= Mihran Razi =

Sasanian military officer (d. 637)

Mihran-i Bahram-i Razi, better known as Mihran Razi, was an Iranian military officer from the Mihran family. He was killed in 637 at the Battle of Jalula.

== Biography ==
Mihran is first mentioned during the Arab invasion of Persia, and is known to have commanded the left wing of the Sasanian army during the Battle of al-Qādisiyyah. Mihran, along with Nakhiragan, Hormuzan and Piruz Khosrow, and the rest of the survivors, regrouped at Bavel (Babylon), where they tried to repel the Arab army, but were once again defeated. While Piruz and Hormuzan fled in different directions, Mihran and Nakhiragan remained in Asoristan.

After a brief stay at Veh-Ardashir, they abandoned and destroyed the bridge on the east bank of the Tigris river. Nakhiragan and Mihran then briefly stayed at Kutha, where they installed a certain dehqan named Shahriyar as the commander of the garrison of the place. The two Sasanian military officers then went to the capital Ctesiphon, which was under attack by the Arabs. However, their stay there was only brief.

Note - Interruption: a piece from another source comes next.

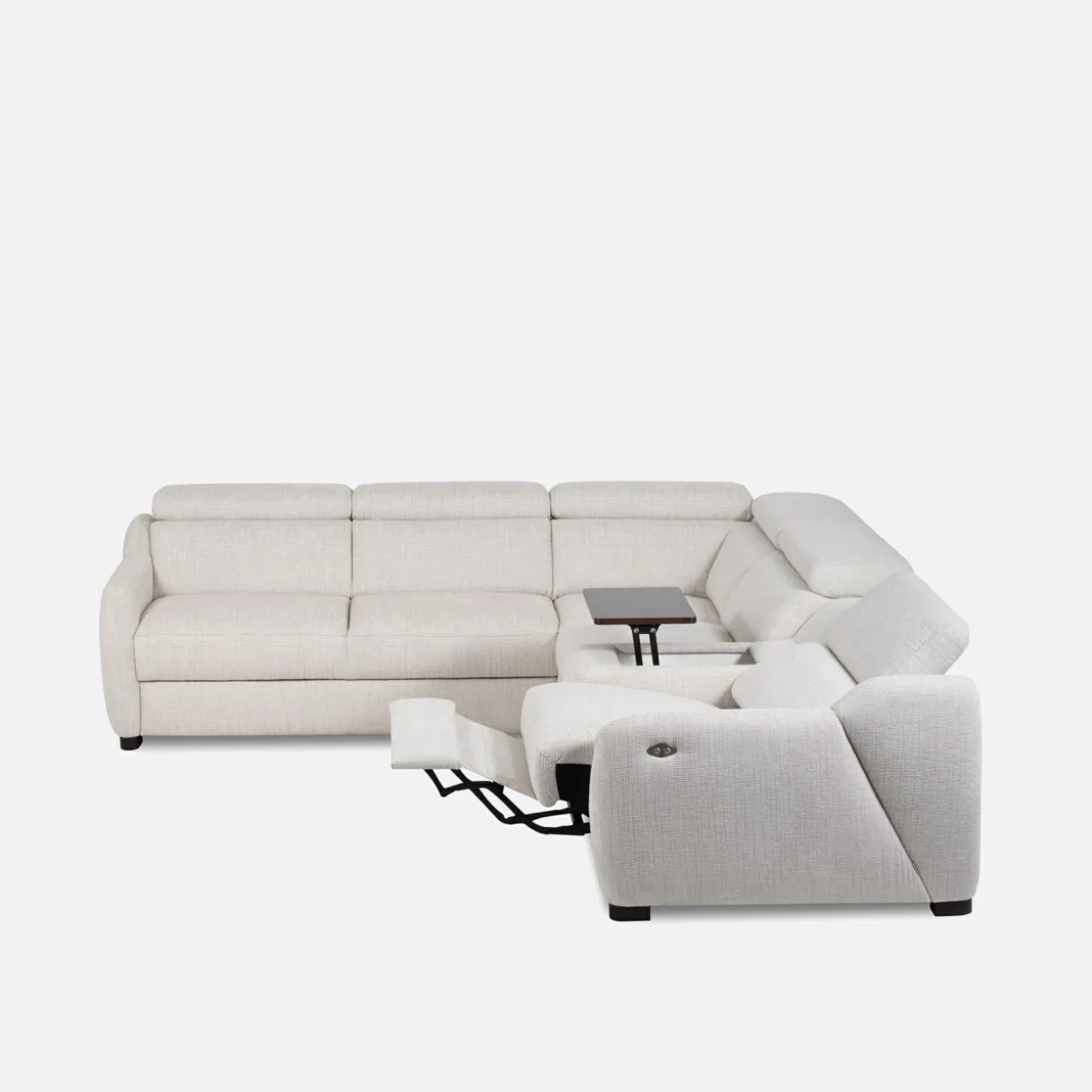 - Narożnik wyposażony jest w fotel z elektryczną funkcją relaks, która pozwala rozsiąść się wygodnie w pozycji półleżącej — idealnej do oglądania filmów, czytania książek lub po prostu relaksu.
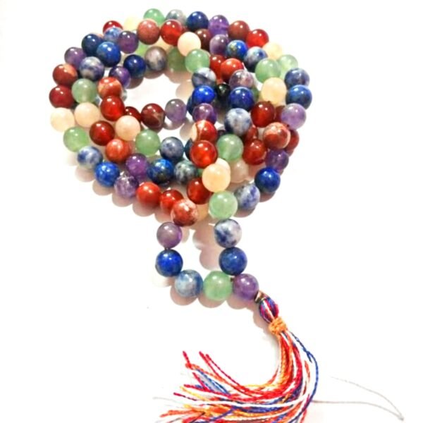 यह माला सात अलग अलग प्रकार के रत्नों से मिलकर बनी एक सुन्दर ओरिजिनल सात चक्र माला है जो की 7 से 8 एम एम के बीच की साइज़ की है। हमारे शरीर के सतो चक्रों को उर्जा प्रदान कर व्यक्ति को आम लोगो से अधिक शक्तिशाली बनाती है। रत्नों और उससे निकलने वाली रंगीन आभा का प्रभाव व्यक्ति के जीवन पर पड़ता है। वेदों के अनुसार यह आभा हमारे शरीर में स्थित चक्रों को प्रभावित करती है। इन चक्रों में सकारात्मक प्रभाव मनुष्य को स्वस्थ्य ऊर्जावान बनाने में मदद करता है। ऊर्जावान सात चक्र माला धारण करने से मनुष्य के सातों चक्रों पर सकारात्मक प्रभाव पड़ता है।

After some time, they regrouped again with other Sasanian officers and fought the Arabs at Jalula. The Sasanian forces, however, were once again defeated. Mihran along with the rest of the survivors then fled to Khanaqin, but were at last killed by an Arab force which had pursued them.

== Sources ==
- Pourshariati, Parvaneh (2008). "Decline and Fall of the Sasanian Empire: The Sasanian-Parthian Confederacy and the Arab Conquest of Iran"
- Morony, Michael G. (2005). "Iraq After The Muslim Conquest"
- Zarrinkub, Abd al-Husain (1975). "The Cambridge History of Iran, Volume 4: From the Arab Invasion to the Saljuqs"
- Al-Tabari, Abu Ja'far Muhammad ibn Jarir (1989). "The History of al-Tabari Vol. 13: The Conquest of Iraq, Southwestern Persia, and Egypt: The Middle Years of 'Umar's Caliphate A.D. 636-642/A.H. 15-21"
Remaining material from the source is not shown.